What needs to be done -> Each line in the data must be reproduced as written, except for any picture.

Data section ->

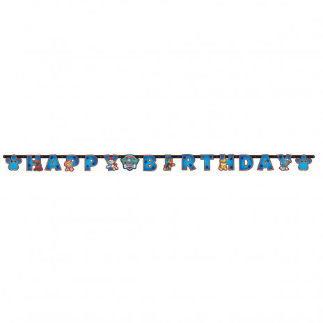 Faixa dos Paw Patrol com a inscrição «Happy Birthday» e 2,4 metros de comprimento.Decora a tua festa de aniversário com esta grinalda preparada com atilhos.
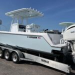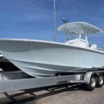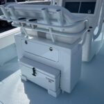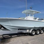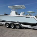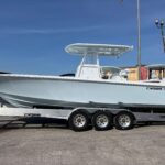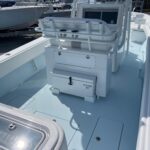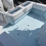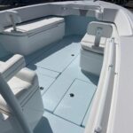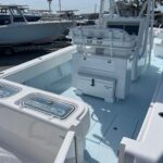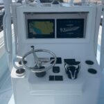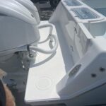 This beautiful 2025 Contender 30 ST Center Console is finally here! This is the new model with the completely flat swim platform (they got rid of the motor well). With increased space in the cockpit, ample seating, and the incredible power package this boat is the perfect blend of fishability, performance, and comfort. The boat is Ice Blue and is powered with twin Yamaha 300 HP 4-Strokes with the Digital Electric Steering making it a blast to drive. With this power the boat cruises at 45 MPH getting 1.8 MPG. It is loaded with great options and already has two Garmin 16″ Screens, 8616 XSV’s. The Garmin units have the Empire Bus Digital switching on them so you control the whole boat right thru the Garmin screens but there is also a switch panel in the console incase you do not want to turn the Garmin’s on. Some of the notable Options include Forward Seating with Removable Forward Facing Backrests, Electric Head, Leaning Post Custom Sport w/ Wrap Around Backrest & Frigid Rigid Ice Chest, Hard Top, Speaker Boxes, and the Powder Coating Package. Any additional Electronics or accessories are available for us to install to your specks weather it be a Trolling Motor, Radar, additional Lighting, or Stereo… We have a big rig shop that specializes in this type of rigging. The Head is mounted on a slider to allow you to keep it out of the way and make more space in the console.
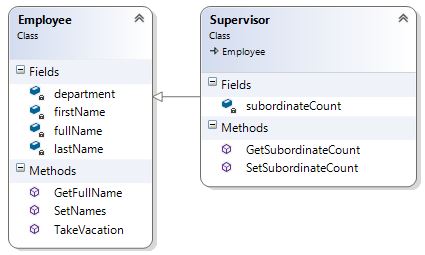 As you can see, the Employee class contains data and behaviors common to all types of employees, which the Supervisor class reuses in its objects.

Answer section ->
 Faixa dos Paw Patrol com a inscrição «Happy Birthday» e 2,4 metros de comprimento.Decora a tua festa de aniversário com esta grinalda preparada com atilhos.
 This beautiful 2025 Contender 30 ST Center Console is finally here! This is the new model with the completely flat swim platform (they got rid of the motor well). With increased space in the cockpit, ample seating, and the incredible power package this boat is the perfect blend of fishability, performance, and comfort. The boat is Ice Blue and is powered with twin Yamaha 300 HP 4-Strokes with the Digital Electric Steering making it a blast to drive. With this power the boat cruises at 45 MPH getting 1.8 MPG. It is loaded with great options and already has two Garmin 16″ Screens, 8616 XSV’s. The Garmin units have the Empire Bus Digital switching on them so you control the whole boat right thru the Garmin screens but there is also a switch panel in the console incase you do not want to turn the Garmin’s on. Some of the notable Options include Forward Seating with Removable Forward Facing Backrests, Electric Head, Leaning Post Custom Sport w/ Wrap Around Backrest & Frigid Rigid Ice Chest, Hard Top, Speaker Boxes, and the Powder Coating Package. Any additional Electronics or accessories are available for us to install to your specks weather it be a Trolling Motor, Radar, additional Lighting, or Stereo… We have a big rig shop that specializes in this type of rigging. The Head is mounted on a slider to allow you to keep it out of the way and make more space in the console.
 As you can see, the Employee class contains data and behaviors common to all types of employees, which the Supervisor class reuses in its objects.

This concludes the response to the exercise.